Each day, pioneers of ingenuity from across the globe -- of all ages, backgrounds and economic means -- are innovating and adapting to help save lives. It’s more than enormous companies working to create a new medical marvel.. More often it’s everyday innovators, finding inspiration in necessity and using local expertise, who develop new, cost effective, tools and strategies that help overcome challenges and save lives.
A common recipe for success is combining local understanding with big picture thinking. Local understanding includes an on-the-ground view of challenges, a familiarity with communities, and a strategy that utilizes available resources. Examples of success range from new tools to increasing access to information to re-allocating resources to better fit local needs.

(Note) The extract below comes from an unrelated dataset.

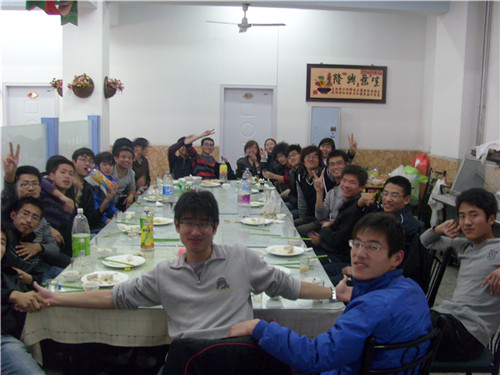 上午10点,原料准备完毕。同学们开始了自己非正规的表演,但在整个过程中同学们一直其乐融融。同学们互相涂抹,每个人生上都是白白的面粉。同学们没有几个会包饺子﹙包括女生﹚,各式各样的水饺七躺八歪的趴在面板上。有的像元宝,有的像心,有的像蝴蝶。但男生也都虚心的学习,而且他们都很乐意动手实施的每个过程。水饺包完后,同学们在焦急的等待,很是期待自己的劳动成果。 “水饺来了”同学们立马来了精神就光一般的争抢水饺,争先恐后的往嘴里送。第一锅元宝吃完了,有好多同学都没吃饱,只能无奈的等待下一锅“元宝”的出炉。吃完水饺,大伙自由聊天,真诚而又可爱,处处彰显出了出“一家人不说两家话”的气氛。

In Malawi, Save the Children and Johnson & Johnson are developing local networks of expertise and utilizing new tools to reduce the number of newborns that die each day from blocked airways. The program Helping Babies Breathe (HBB) has trained tens of thousands of healthcare professionals across the country since 2011. One of their keys to success is a device called “the Penguin.” The adorably named plastic suction device can help midwives “in rural, hard to reach areas” save children born with blocked airways, Victoria Shaba, a midwife and trainer with HBB, told the 2014 Social Good Summit. The device costs less than $5 USD and is “one of the essential items that we need as midwives,” explained Shaba.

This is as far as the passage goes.